An in vitro study using biomimetic method onto porous Ti10Nb10Zr showed that a higher number of cells adhering to porous structure after surface modification compared to the non-treated porous samples. They reported that the surface of porous titanium alloys with calcium phosphate coatings showed the highest number of cells attached.

Three types of surface modifications technique were subsequently employed in the study conducted by Li et al. [41], which are alkali heat treatment, alkali heat treatment plus simulated body fluid soaking and sol gel method. The biological behaviour of porous Ti6Ta4Sn after surface modification showed that the cell density using the sol gel method exhibited the highest increase compared to the other two methods. It can be suggested that hydroxyapatire coatings are more favourable for osteoblast cell proliferation. A similar outcome was shown in Gan et al. study, which they also employed calcium phosphate coating using the sol gel method. Based on their In vivo assessment, it was suggested both routes and coatings significantly accelerate osseointegration [57].

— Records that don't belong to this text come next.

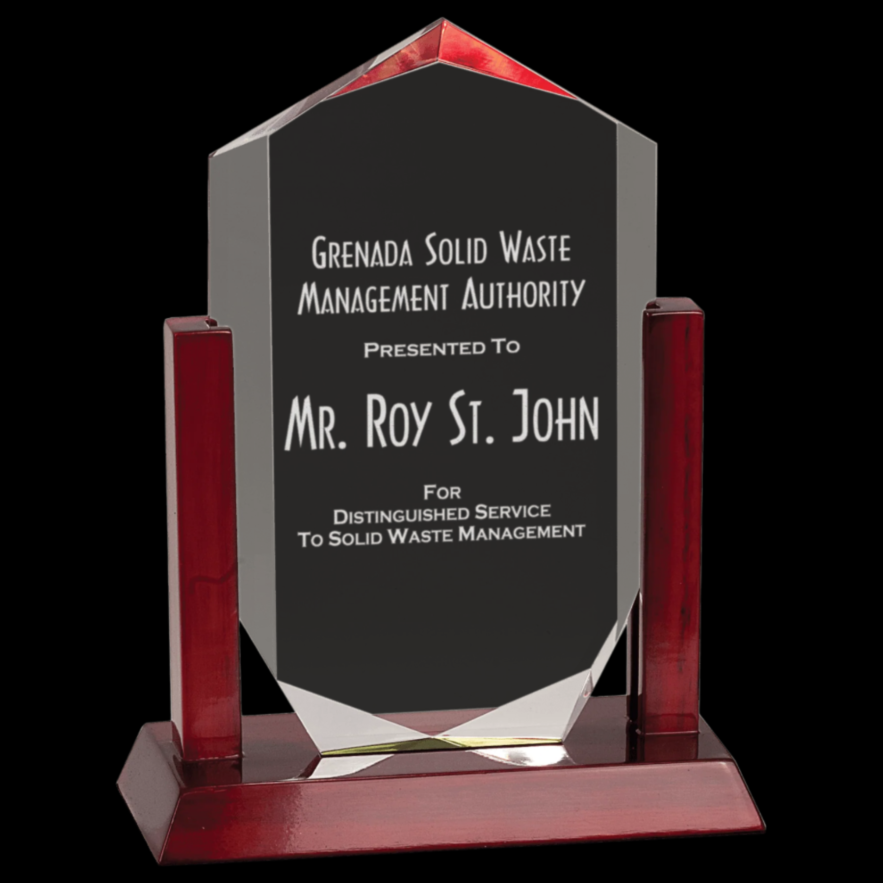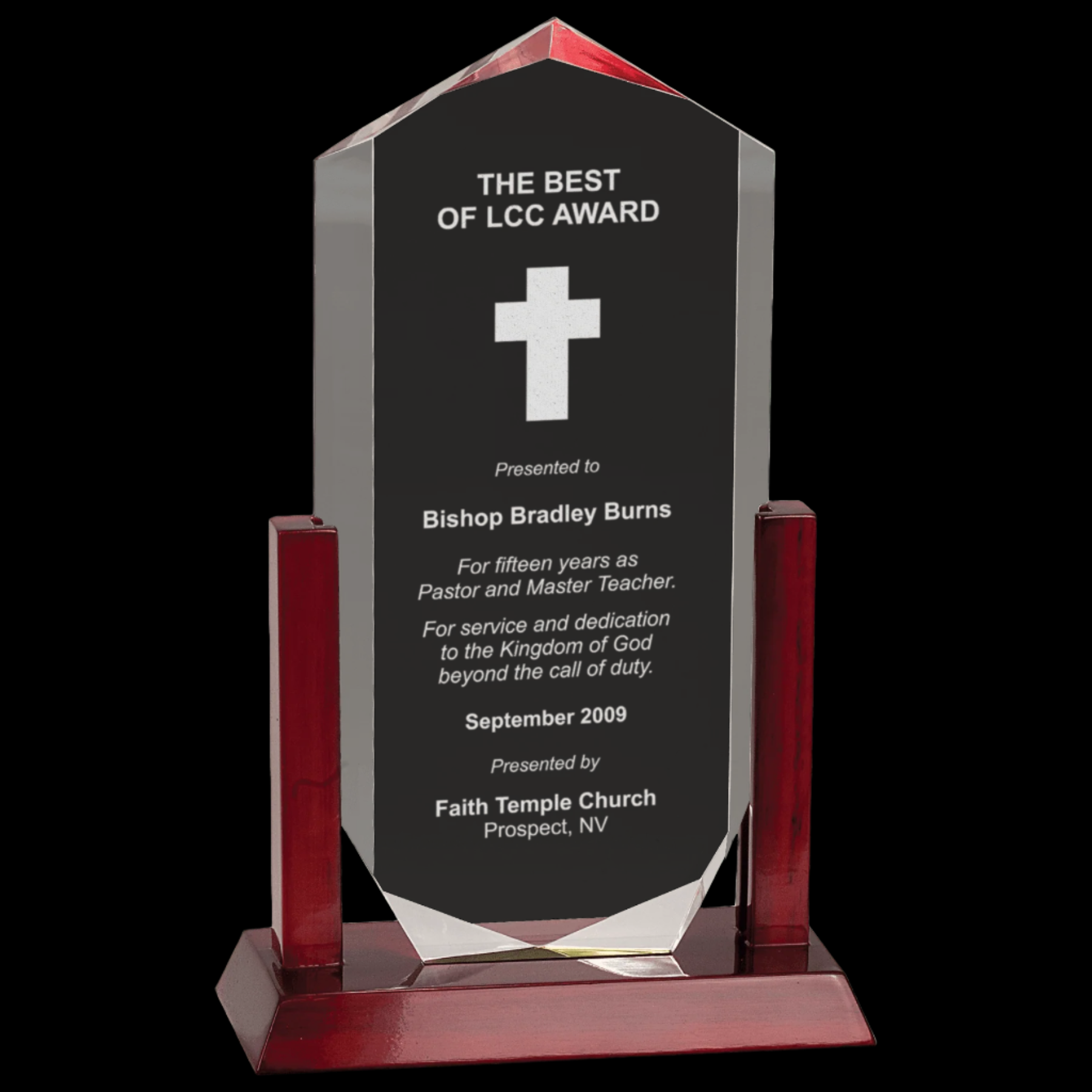 Clear Royal Crown Acrylics showcase a sophisticated rosewood piano finish base and frame, combining elegance with durability. Measuring 0.75" thick, these acrylics are available in three sizes to suit various display needs, offering both versatility and a premium aesthetic for professional presentations.
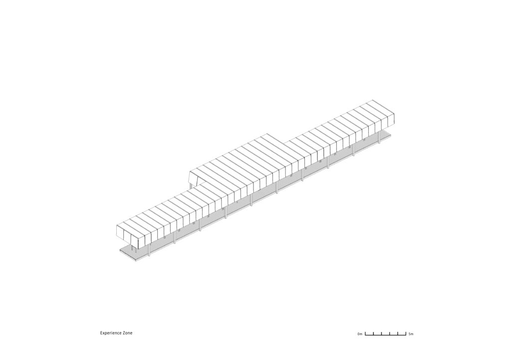 Experience Zone paviljon namijenjen je ugodnom sjedenju i gastronomskim iskustvima za oko 150 osoba. Dugi drveni moduli i tekstilni stropovi s rasvjetom stvaraju istodobno rustikalnu i suvremenu atmosferu, a objekt je simetrično podijeljen na dva krila s centralnim prostorom za gastro upotrebu.
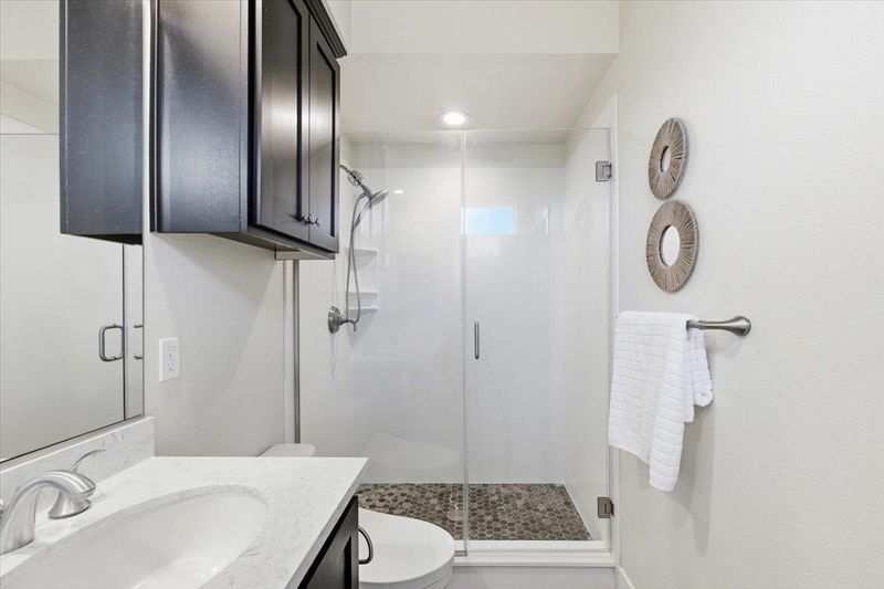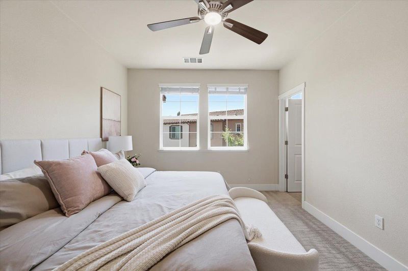 Beautifully appointed 3-bedroom townhome with a versatile bonus room, ideally situated on a premium lot within a serene, private courtyard surrounded by lush greenery. this residence showcases thoughtful design and high-end upgrades throughout. The main level features a gourmet kitchen with a large center island, quartz countertops, full-height backsplash, stainless steel appliances, and abundant cabinetry seamlessly flowing into the open-concept living and dining areas. Elegant hardwood flooring and a stylish wood accent wall add warmth and character. Enjoy indoor-outdoor living with a private balcony overlooking tranquil garden views. Upstairs, the spacious primary suite offers a walk-in closet, dual-sink vanity a large shower, accompanied by two well-proportioned secondary bedrooms.The ground-level bonus room provides exceptional flexibility perfect as a guest suite, home or office. Additional highlights include HVAC,Hunter Douglas ® blinds throughout, a side-by-side two-car garage. Low HOA dues cover building insurance, garbage ,water and community amenities. Ideally located near Downtown Sunnyvale, Caltrain, and major tech campuses, Convenient Google & Meta shuttle stop just downstairs, this home delivers the perfect blend of comfort, convenience, and exceptional value.

Studies on porous metallic biomaterials have been growing since the last two decades due to their excellent features such as low elastic modulus, excellent strength, and biocompatible. Studies have reported various fabrication and surface modification techniques to achieve the desired properties with subsequent mechanical and biological assessment. In this review, it can be suggested that surface modifications have significant influence towards the osseointegration process and mechanical performance of the implants. Factors that influenced the biological performances of porous metallic material are porosity, pore size and surface modification. Challenges on surface modification for porous biomaterials are the technique chosen should not cause any damage on mechanical properties and accelerate the healing process after implantation. It also important to highlight that hydroxyapatite coating via sol-gel method is still a promising route to enhanced bioactivity of the porous metallic materials.